The output would look something like this:
[{text,"hello"}]
That proplist is handed off to Solr, and the value "hello"
would be indexed under the fieldname text
.
Custom Binary Extractor
Back to our example of parsing a binary HTTP header packet; Erlang luckily comes with a standard packet decoder that happens to handle HTTP packets:
erlang:decode_packet(http,<<"GET http://www.google.com HTTP/1.1\n">>,[]).
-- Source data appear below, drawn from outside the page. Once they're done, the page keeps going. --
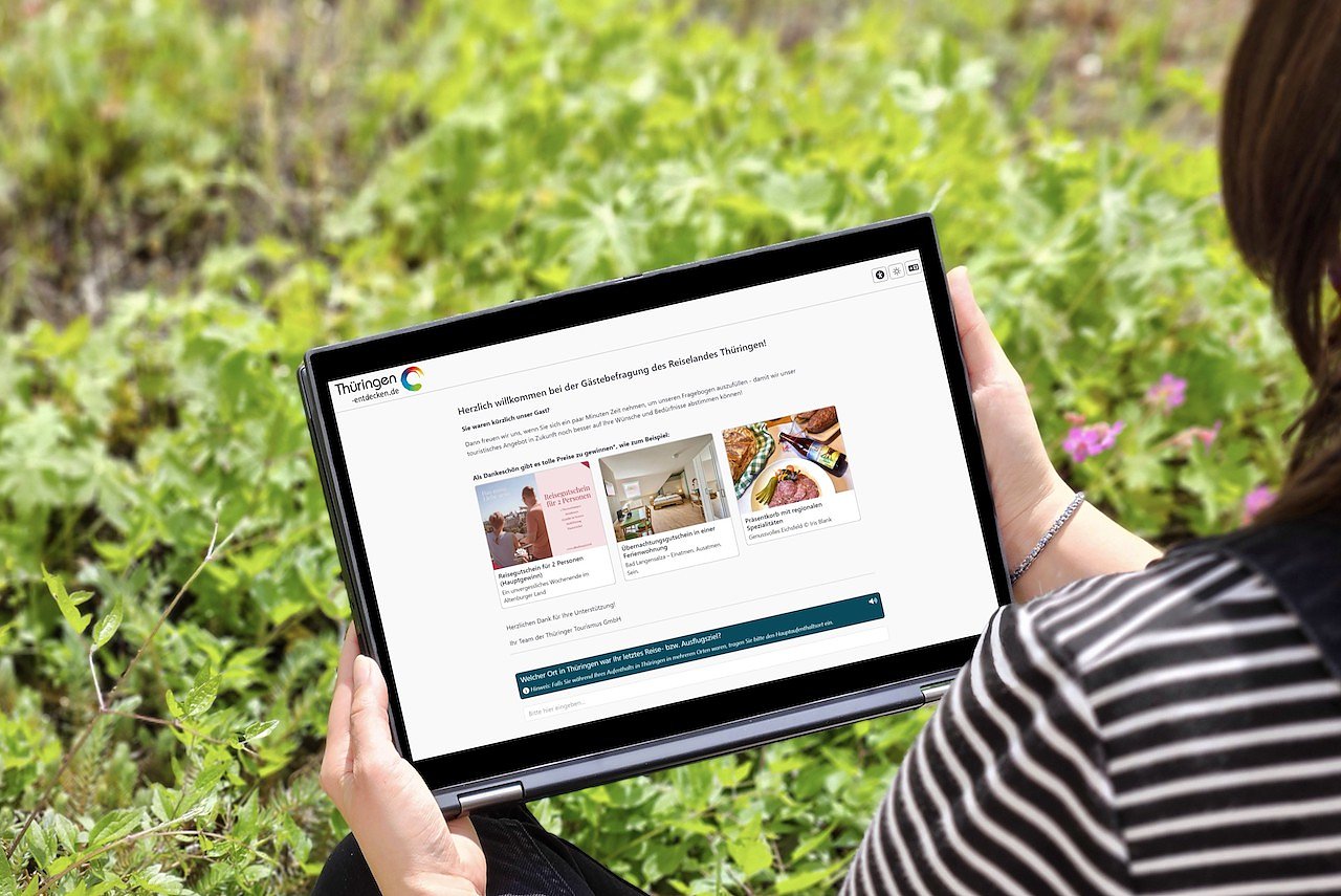Seit dem 1. Mai und bis 31. Mai 2024 steht die Struktur und Vielfalt der Thüringer Gäste im Mittelpunkt einer Befragung. In Zusammenarbeit mit den touristischen Destinationen soll ein tieferes Verständnis für das Reise- und Buchungsverhalten der Gäste entwickelt werden. Die Befragung wird zudem die Zufriedenheit der Gäste während ihres Aufenthalts in Thüringen sowie ihre zukünftigen Erwartungen erfassen.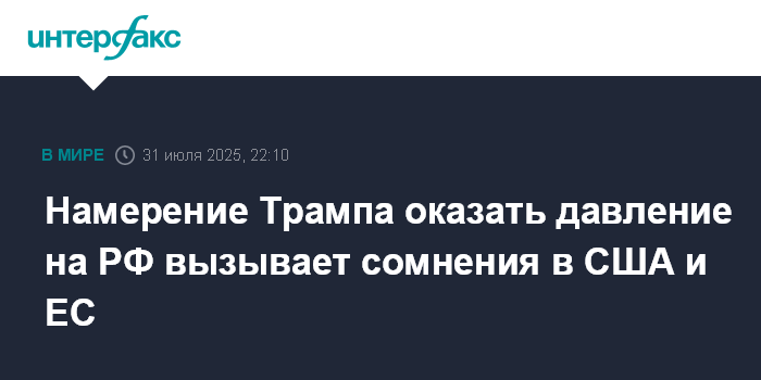 Намерение Трампа оказать давление на РФ вызывает сомнения в США и ЕС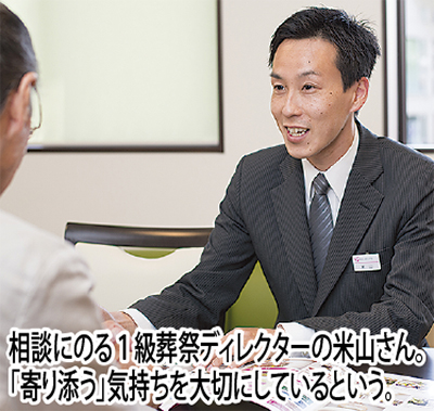 「お仏壇やお墓、遺品整理、海洋散骨など、『終活』全般をサポートさせて頂いております」と話すのは、同施設に在籍する1級葬祭ディレクターの米山純平さん。葬儀の事前相談(無料)では「寄り添う気持ち」を大切に、相談者と向き合っているという。相談者の一人は「こんなことを聞いてもいいの、という質問やデリケートな金銭的な相談にも真摯に対応してもらえた。おかげで”無理のない”範囲で希望通りの葬儀ができました」と笑顔を見せる。「『もっとこうしておけば良かった』と後悔してほしくないんです。だから、突然の場合でも戸惑うことがないように、事前相談を皆様に勧めています」と米山さん。最近は子どもに迷惑をかけたくないと、自分の葬儀に関する相談に訪れる高齢者も増えているという。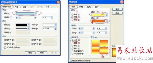2、對長方形進(jìn)行填充顏色。右擊——設(shè)置自選圖形格式——顏色和線條——填充。在填充那里的顏色選擇“填充效果”——漸變——雙色。選擇你喜歡的雙色來填充。制作精美畫卷

That snippet should return something like this:
{ok,{http_request,'GET',
{absoluteURI,http,"www.google.com",undefined,"/"},
{1,1}},
<<>>}
The relevant bits to an application that needed to search these packets are probably the Method (GET
), the Host (www.google.com
), and the Uri (/
).
Using the text extractor as an example, our custom extractor should look similar to this if we want to index those 3 fields:
yz_httpheader_extractor.erl
-module(yz_httpheader_extractor).
-compile(export_all).
extract(Value) ->
extract(Value, []).
extract(Value, _Opts) ->
{ok,{http_request,Method,
{absoluteURI,http,Host,undefined,Uri},
_Version},
_Rest} = erlang:decode_packet(http,Value,[]),
[{method, Method}, {host, list_to_binary(Host)}, {uri, list_to_binary(Uri)}].
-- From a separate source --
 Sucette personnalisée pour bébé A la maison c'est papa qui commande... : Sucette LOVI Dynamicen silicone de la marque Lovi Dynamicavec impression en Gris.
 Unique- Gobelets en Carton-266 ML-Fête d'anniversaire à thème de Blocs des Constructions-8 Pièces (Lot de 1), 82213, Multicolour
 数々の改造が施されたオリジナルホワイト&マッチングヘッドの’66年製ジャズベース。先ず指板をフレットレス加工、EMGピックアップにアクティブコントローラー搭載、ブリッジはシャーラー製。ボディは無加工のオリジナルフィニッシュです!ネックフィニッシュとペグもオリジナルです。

Register the Custom Extractor
Writing the extractor was simple enough, but in order for it to be utilized by Riak Search, a few steps need to be taken:
Compile the Extractor
Firstly we’ll need to compile the extractor into a beam
file and distribute it to a path that we can remember on each Riak node.
erlc yz_httpheader_extractor.erl
Move the resulting beam file to a directory like /opt/beams
mv yz_httpheader_extractor.beam /opt/beams/
Configure Riak
We’ll need to tell Riak where to find the new beam file. This cannot currently be done using riak.conf
, but there is a workaround if you create a file called advanced.config
in the same directory as your riak.conf
/etc/riak/advanced.config
[{vm_args, [{"-pa /opt/beams",""}]}].
This vm.args directive tells Riak to add /opt/beams
to the erlang path when starting Riak up.
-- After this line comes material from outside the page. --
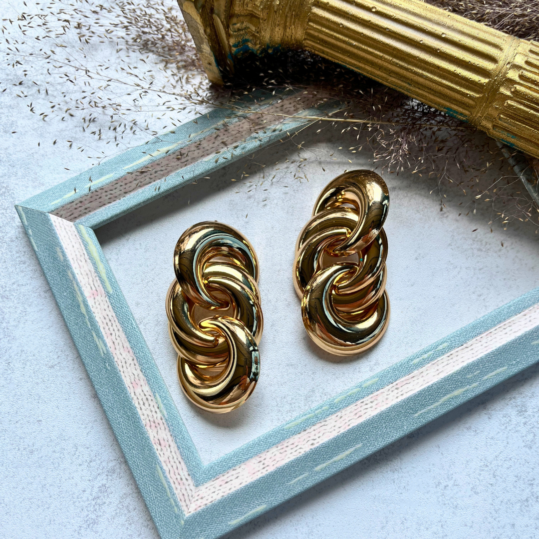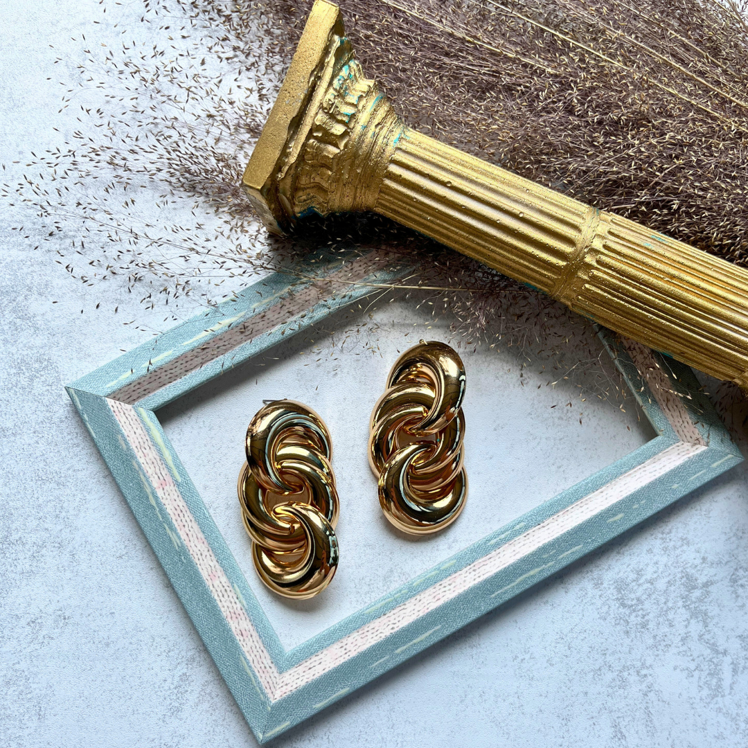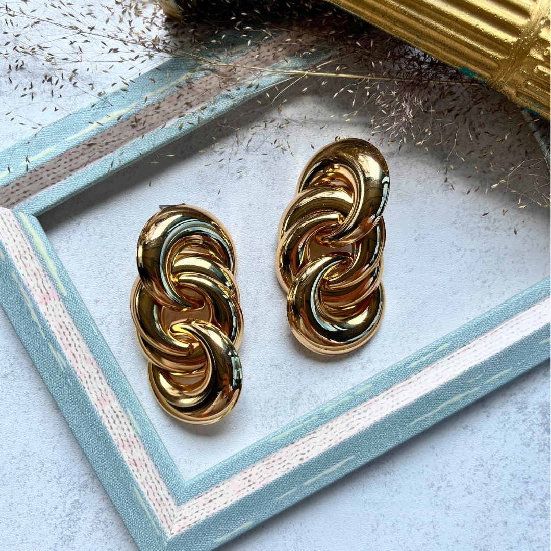 Zincir Formlu Altın Rengi Küpe I Mev'Art Collection

Register the Extractor in Riak
riak start
riak attach
This should log into the running Riak node allowing us to run the register function in yz_extractor
:
(riak@127.0.0.1)1> yz_extractor:register("application/httpheader", yz_httpheader_extractor).
The register call should return the updated list of mimetype -> extractor mappings. It should look something like this:
[{default,yz_noop_extractor},
{"application/httpheader",yz_httpheader_extractor},
{"application/json",yz_json_extractor},
{"application/riak_counter",yz_dt_extractor},
{"application/riak_map",yz_dt_extractor},
{"application/riak_set",yz_dt_extractor},
{"application/xml",yz_xml_extractor},
{"text/plain",yz_text_extractor},
{"text/xml",yz_xml_extractor}]
Now, any new documents submitted to yokozuna with the content type application/httpheader
should be run through the new extractor.
The new extractor can be verified using the yokozuna extract
endpoint:
Create a file called testdata.bin
testdata.bin
GET http://www.google.com HTTP/1.1
(Note the trailing newline at the end)
Now run a PUT
to the extract endpoint:
curl -XPUT -H 'content-type: application/httpheader' 'http://localhost:8098/search/extract' --data-binary "@testdata.bin"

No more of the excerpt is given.